First, it’s important to note how beastly the pet industry has become. Last year, the American Pet Products Association estimated that American owners spent nearly $110 billion on their furry, gilled, feathered and scaly family members. It’s been more than a quarter century since year-over-year spending on pets has declined in the United States
America’s love for pets (especially dogs) is evident in Bark’s operating results. The company’s active subscribers grew to 2.3 million at the end of 2021, with average order value hitting an all-time high of $31.10.
These numbers touch on Bark’s biggest advantage: its subscription-based operating model. Even though Bark products can be found in tens of thousands of store doors, including walmart, 84% of the company’s net sales in the third fiscal quarter were of the direct-to-consumer variety. The overhead of a subscription-based business is significantly lower than that of traditional pet stores. As a result, Bark’s gross margin has always been between 55% and 60%.
Additionally, Bark is counting on new products and services to drive subscription growth and add-on sales. For example, he introduced Bark Eats during the pandemic. This service will work with owners to customize a dry food diet for their pooch. For what it’s worth, Bark notes that cross-selling and upselling revenue jumped 84% in the fiscal third quarter compared to the year-ago period.

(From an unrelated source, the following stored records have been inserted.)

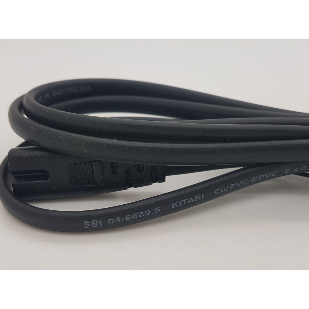 kabel ac power AC Cord angka 8 gepeng / oval merk KITANI. panjang kabel 2 meter, ukuran kabel 0,75mm2. biasa digunakan buat mengganti kabel2 listrik yg rusak terdapat 23 serabut tembaga murni. Maksimal 10A ( 2200watt ).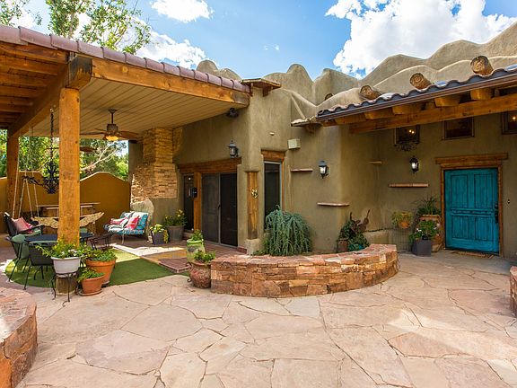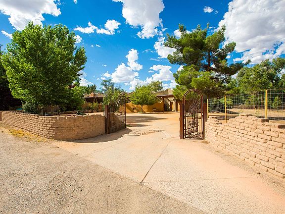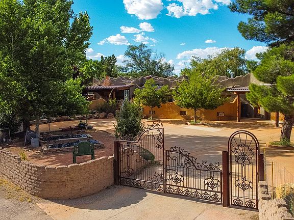 Love the artistic, colorful flair of classic Santa Fe/Taos adobe luxury architecture, but prefer something more centrally located in the Land of Enchantment? In the North Valley's Los Ranchos de Albuquerque, on a full acre of irrigated land along Rio Grande Blvd, this custom, one-of-a kind home and its guardian lizard await you. Walk through the partially covered courtyard, and upon entry to the home you get a sense of spaciousness, whimsy, and Southwest artistry, in the high Viga, Latilla, and Hammered Beam ceilings, exposed adobe and diamond plaster walls, artistic mosaics, and stone floor. Multiple living spaces, indoor and out, make it easy for generations to live together. The loft wing has a separate entrance for a studio, office, or, with a bedroom, bath, living space, and room to add a kitchenette, it could be private living quarters for parents, teens, or adult children starting out. This adobe home is efficient, with radiant in floor heat, and refrigerated air to complement passive nighttime cooling. The garage and workshop, with a half bath, and rooftop deck access for enjoying the night sky or balloons in flight, complete the home. Want more? There's plenty of room to add a pool, barn or both! Come home to the central Rio Grande Valley where you can get more for less and still enjoy the quality and style you expect from a classic Northern New Mexico adobe home.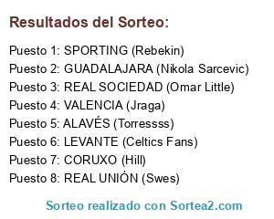 Lista de participantes: REAL UNIÓN (Swes), SPORTING (Rebekin), GUADALAJARA (Nikola Sarcevic), CORUXO (Hill), VALENCIA (Jraga), REAL SOCIEDAD (Omar Little), LEVANTE (Celtics Fans), ALAVÉS (Torressss).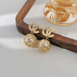 Boucles d'oreilles élégantes de luxe en plaqué or avec fleur et perle pour femmes, boucles d'oreilles vintage en cristal avec goutte d'huile, vente en gros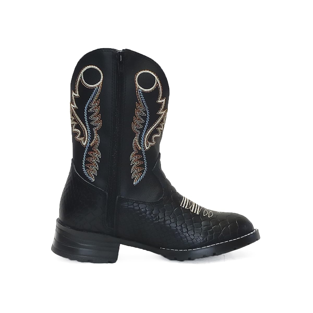 Bota Country Texana Infantil Unissex em Couro Legítimo Preto com Estampa de Cobra e Cano Bordado Kapell

Although Bark is losing money right now, his rapid growth in a virtually recession-proof industry cannot be ignored. Look for Bark to more than triple patient investor money by 2026.
This article represents the opinion of the author, who may disagree with the “official” recommendation position of a high-end advice service Motley Fool. We are heterogeneous! Challenging an investing thesis — even one of our own — helps us all think critically about investing and make decisions that help us become smarter, happier, and wealthier.